Kamil sahib has a long standing association with the old Walled City of Lahore, even before Walled City Mohalla Baazee started working in the area, for which he is most popularly known for. This chapter started when a local from the old Walled City filed a petition, stating that propertites were being demolished in the area and were being replaced by commercial plazas, damaging his private property which had been in his family since generations. Apparently the Walled City Authority was also not taking any steps against this activity, as per its mandate. As a result the court appointed a three-member committee to investigate the issue on ground and Kamil sahib was one of the members.

The Walled City has a rich heritage and a unique multiclass system, where people from the lowest strata of society to rulers lived in the same area, interacting closely during festivities and grief. Most important of all was the justice system, which was not only accessible but quite swift, especially compared to today’s system. During the British Raj the city centre shifted from the Walled City to the Cantonment. With this shift investment moved outside the walls of the city, turning the mohala from a multiclass to a mono-strata area.

Post-partition, the Lahore Development Trust was formed and followed the latest development process, ignoring the requirements for rehabilitation of the Walled City, large parts of which had been destroyed at the time of independence. Locals who could afford to move out started doing so and given the financial success of commercializing entire units more and more people followed suit, turning the heart of the city into a commercial mayhem with the poorest of the poor from all across the country filling in the residential vacuum.

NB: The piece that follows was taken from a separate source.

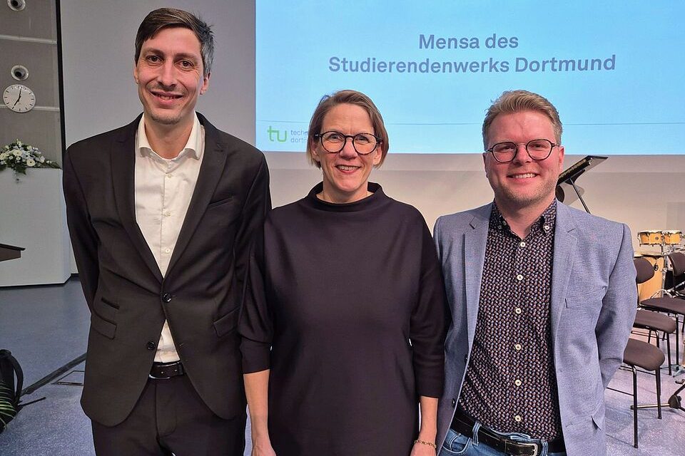 Award winners Jakob Henke and Dominik Speck with IJ professor and Vice President for Academic Affairs Wiebke Möhring.
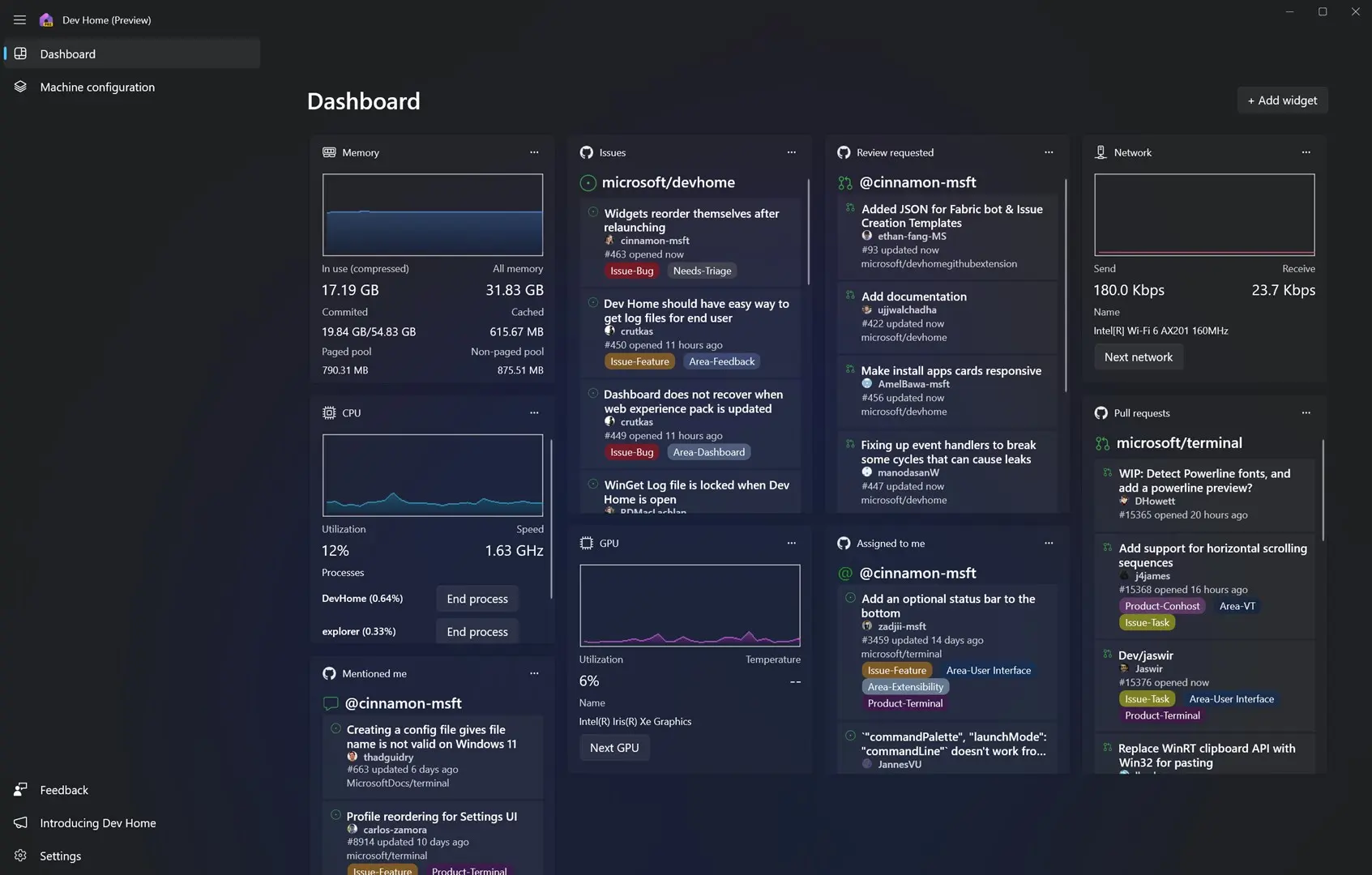 Dev Home 界面是一个可定制的仪表板,内含多种面向开发者的小部件,使您能够随时获得所需的信息。

“Fast forward to recent times and commercial development is taking place at an accelerated pace with the addition of violence and dirty politics in the mix. There is a need to democratize the system in order to cut out these elements.” All of these suggestions were submitted to the court by the three member committee and a response is still awaited. Instead of waiting for action from authorities, which is nowhere in sight, the committee members and other stake holders decided to start the dialogue process under the umbrella of Walled City Mohalla Baazee, which continues to date on a regular bases at the grassroots level.

When asked about the core environment issue we are facing, Kamil sahib in his unique style linked it to the modern development paradigm, which he says is based on the definition of development and growth in terms of economic growth alone. Making this a globally accepted phenomenon.

“Development is not a goal, it is a process. You develop something or you develop into something.” This ‘something’ has not been defined, resulting in a development rat race that is headed nowhere.

“The environment should be on everyone’s priority list, especially in Pakistan. Our poverty level is staggering, even in developing urban centres, but rural areas are worse off. The majority of Pakistan’s population lives on $1.4 which is below the international poverty line of $2. People spend whatever they have on basic necessities. The biggest dent on their pockets are medical bills, which are directly linked to issues caused by environmental degradation; air pollution, food quality, water and the list goes on and on. The connection is common sense.”

With all of his experience does he see things heading in the right direction anytime soon?

“We do what we do, what we believe to be right, not because we expect to change the world but because it’s the right thing to do.”

Fatima Arif is Sr Officer Digital Media, WWF-Pakistan.